| RECORDS FOR THIS TASK |
* * * * * * *

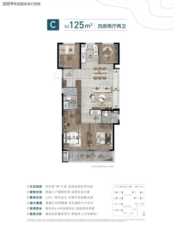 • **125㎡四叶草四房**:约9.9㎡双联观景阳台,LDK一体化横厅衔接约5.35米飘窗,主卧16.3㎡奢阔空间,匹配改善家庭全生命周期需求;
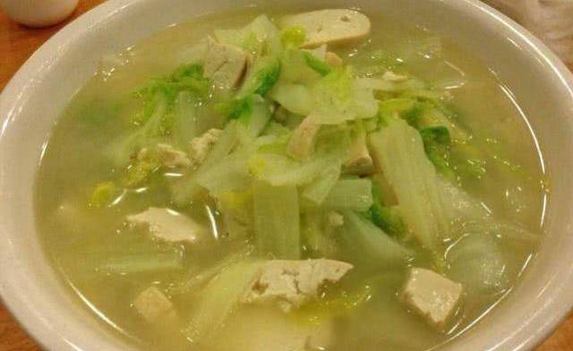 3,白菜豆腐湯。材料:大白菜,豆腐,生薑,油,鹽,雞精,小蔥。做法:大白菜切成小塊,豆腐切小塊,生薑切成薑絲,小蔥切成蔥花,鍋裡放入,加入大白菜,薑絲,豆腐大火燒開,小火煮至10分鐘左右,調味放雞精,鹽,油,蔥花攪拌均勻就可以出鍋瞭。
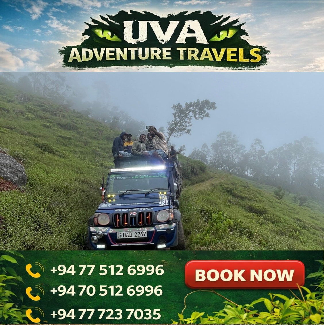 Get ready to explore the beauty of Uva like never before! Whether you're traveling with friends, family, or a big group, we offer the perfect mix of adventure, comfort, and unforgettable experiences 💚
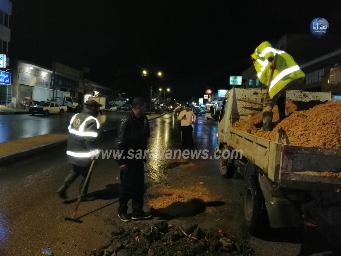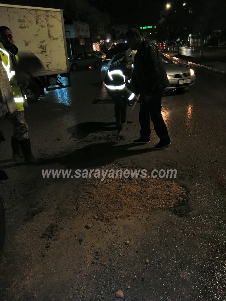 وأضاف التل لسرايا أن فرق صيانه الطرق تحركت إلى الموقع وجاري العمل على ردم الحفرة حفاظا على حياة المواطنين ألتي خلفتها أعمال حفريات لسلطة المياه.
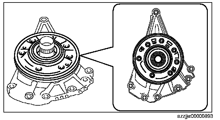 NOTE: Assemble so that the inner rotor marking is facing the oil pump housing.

* * * * * * *

| TASK DETAILS |
Begin with the line containing "وأضاف التل لسرايا" and end with the last line of the material above; return exactly those lines, both ends included, and omit all pictures.

| SOLUTION FOR THIS PROBLEM |
 وأضاف التل لسرايا أن فرق صيانه الطرق تحركت إلى الموقع وجاري العمل على ردم الحفرة حفاظا على حياة المواطنين ألتي خلفتها أعمال حفريات لسلطة المياه.
 NOTE: Assemble so that the inner rotor marking is facing the oil pump housing.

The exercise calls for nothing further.